This happens in politics, too. Consider the Federalist Papers. At the time, the writers were not known, but they built up a consistent, solid argument. We respect them now, not because of who the writers were, but because of the quality of the material. (If anything, we respect the writers more because of what they wrote, not the other way around.) So this can work in politics - people with a reputation, and still anonymous.
But then there's Q. Q has built up a reputation (both good and bad) while remaining anonymous. But my personal conspiracy theory is that Q was a Russian disinformation campaign. ("Was" is perhaps too optimistic - I would expect Q to re-emerge as we get to the 2022 or 2024 elections.) I would really like to know who Q was, in order that people would have a better basis for judging what Q says.
for most topics, I'd say the quality of conversation is high, but for some topics HN is pretty much an echo chamber. Some unpopular opinions for some topics are down voted pretty heavily, and very quickly.
> Consider the Federalist Papers. At the time, the writers were not known
Everyone knew who wrote the Federalist papers. It was an open secret. People may not have known the specific author of a particular passage or argument, but among the elite debating the constitution (who were the target audience) there was no disguise or mystery regarding the people who were 'Publius.' This gets trotted frequently out as one of the few examples of anonymous political speech having a potential benefit, but given the fact that it was pseudonymous at best I welcome additional examples of actual anonymous political speech that was of any consequence.

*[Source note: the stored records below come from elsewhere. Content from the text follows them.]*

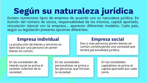 Existen numerosos tipos de empresa de acuerdo con su naturaleza jurídica. En función del número de socios, responsabilidad de los mismos, capital aportado, vinculación laboral con la empresa... aparecen diferentes modelos. Cada país, según su legislación presenta opciones diferentes.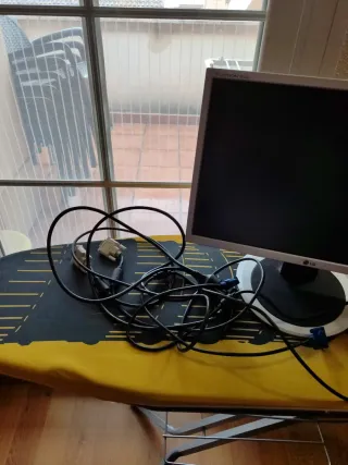 Monitor de ordenador LG con cables - no tiene HDMI - Color plateado y negro.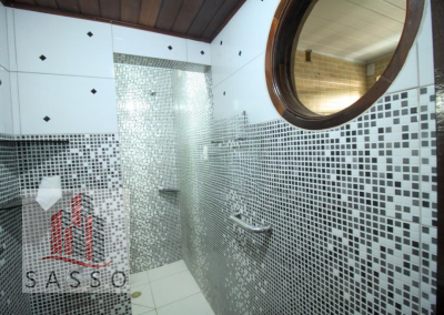 São 175 metros quadrados de área construída, com 5 quartos sendo 3 suítes, sala para 2 ambientes, cozinha, área de serviço, banheiro social e garagem com 3 vagas.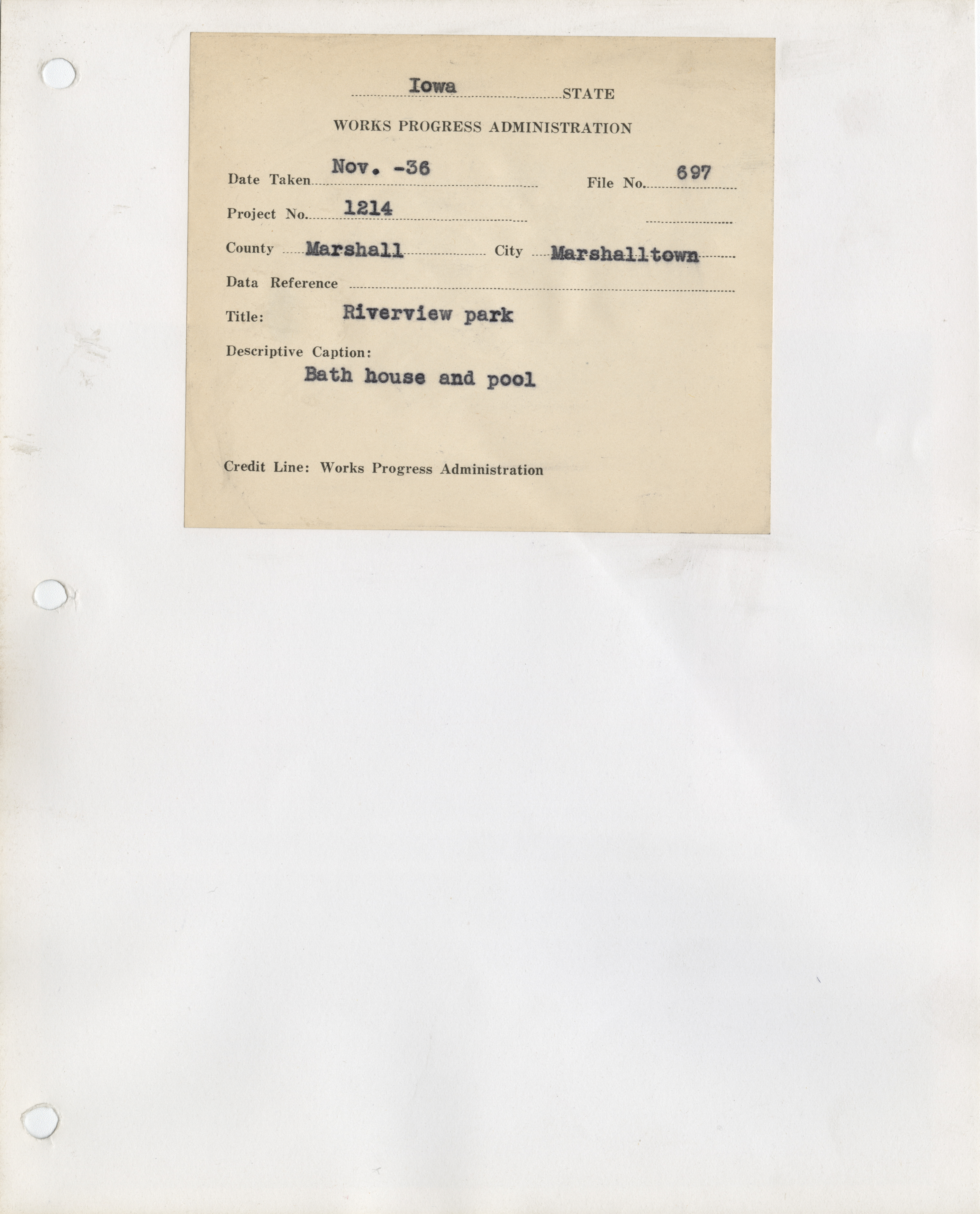 - "Photograph of the entrance to the municipal pool at Riverview Park in Marshalltown", Work Projects Administration (Iowa) Photographs, Iowa State University Library Digital Collections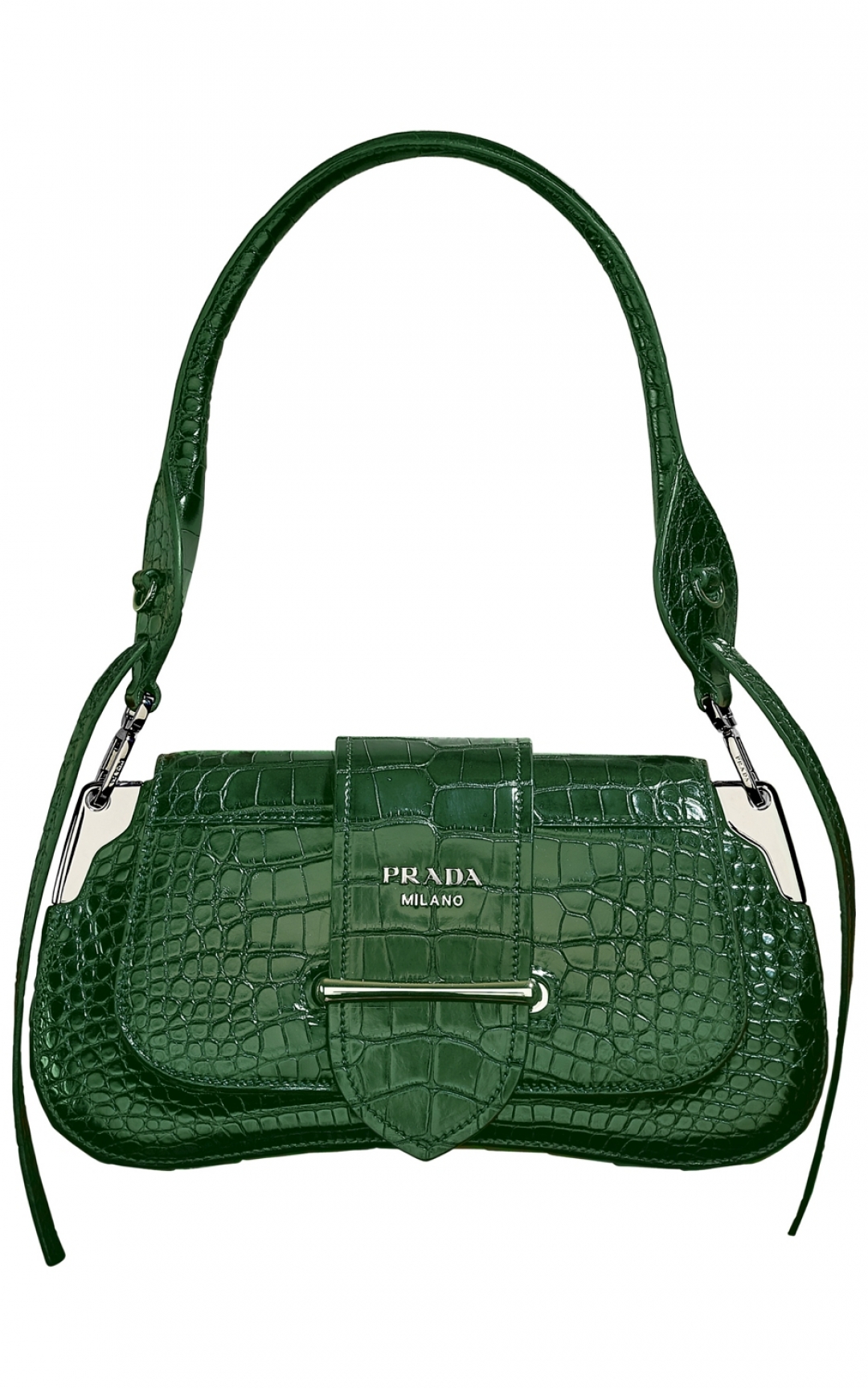 Миучча Прада придумала новую it-bag. У звезды круизного показа — сумки Prada Sidonie — пряжка и бирка позаимствованы из архивов дома начала ХХ века, но вписаны в совершенно новую, причудливо изогнутую форму. Мы за тяжелый люкс: выбираем экзотичную модель из ярко-зеленой крокодиловой кожи. (Prada)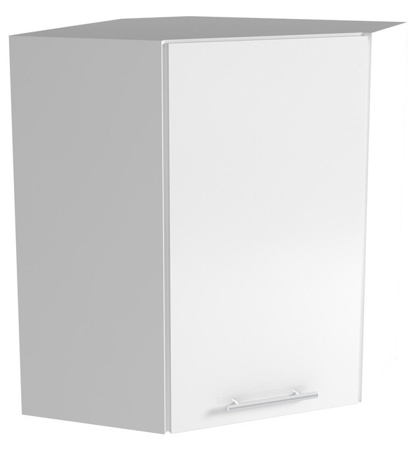 Horní skříňka rohová je součástí moderní kuchyňské linky VENTO. Korpus je z lamina v barvě bílá, dvířka jsou z materiálu MDF v barvě šedý lesk. Úchytka v barvě chrom o délce 12,8 cm. Zboží je dodáváno v demontu.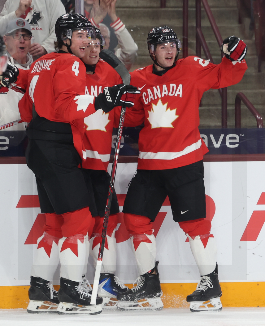 WK20251231_0629 1. Januar 2026 856 × 1050 PHOTO GALLERY WORLD JUNIORS 2026 CAN – FIN 7:4 MINNEAPOLIS, USA, 31, Dec, 2025, World Juniors, CAN vs. FIN. Image shows goal celebration Canada. Photo: Werner Krainbucher (Puckfans.at)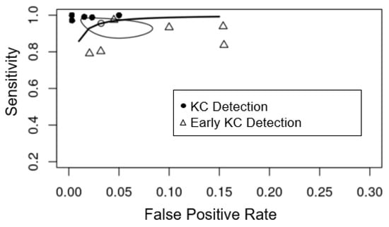 The Pentacam tomography system was the most commonly used corneal imaging device for both the KC and early KC categories. In Figure 4, we compare studies that used the Pentacam data set to diagnose KC and early KC. Diagnostic efficiency for detecting KC was superior to that for early KC, as shown by the higher sensitivity (y-axis) and specificity (x-axis) in the plot.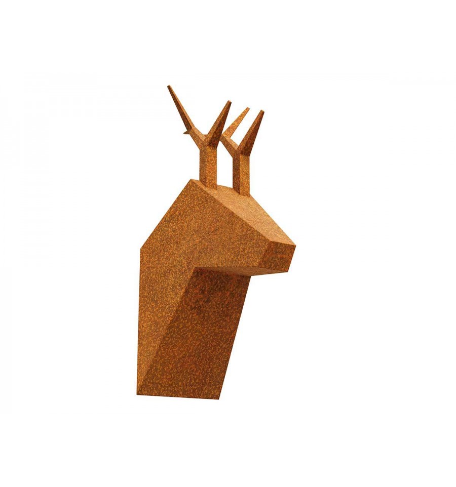 Die Gämsen-Figur besteht aus 2 mm dickem Cortenstahl. Auf der Rückseite befindet sich ein Loch zum Aufhängen an der Wand. Das moderne Design des Produkts und die perfekte, handgefertigte Verarbeitung machen es unmöglich, an ihm vorbeizukommen, ohne von dieser einzigartigen Handwerkskunst fasziniert zu werden.

Q seemed to be an 'Operation Trust' / операция Трест campaign. The idea is to undermine resistance by pretending there is already one in place and that the secret resistance with a plan that will be eminently successful. It undermines actual resistance. The parallel being Trump supporters being the resistance that didn't do anything (other than make fools of themselves) with the belief that there was a secret plan to keep Trump in power. In this scenario Q would have been created to undermine Trump and his supporters. A large part of propaganda is to make your enemies look foolish. I'm reminded of a Voltaire quote: "I have never made but one prayer to God, a very short one: 'O Lord make my enemies ridiculous. ' And God granted it."
This is a really interesting point. While some "social media" hubs are much more toxic (think 8 chan), their reach is largely neutered because the upside just isn't there for the average citizen.
I think anonymity, non-anonymity, and pseudonyms are all pretty nuanced, and don’t have as linear an impact on the discourse as is commonly represented. We all know of anonymous forums that are utter cesspools, such as 4chan. We’ve also probably been part of forums and social media sites where pseudonyms were the norm, yet everyone jealously protected their good name and comported themself according to the norms and expectations of that community. Scale, social cohesion, moderation quality, and other site decisions have a huge impact on how people behave, possibly bigger than whether or not people use their real names.
No, it obviously should not be the state that decides something like this. This is journalists' work.
The most difficult part of whistleblowing is proving that any of this stuff is happening. If I started posting on HN about a black market for human baby meat, you probably wouldn't even see it: pg would ban me almost immediately as a troll, and he'd be right to do so. But what if there actually is one?
(and I'm not even really anonymous; if you want to, you can find my real name)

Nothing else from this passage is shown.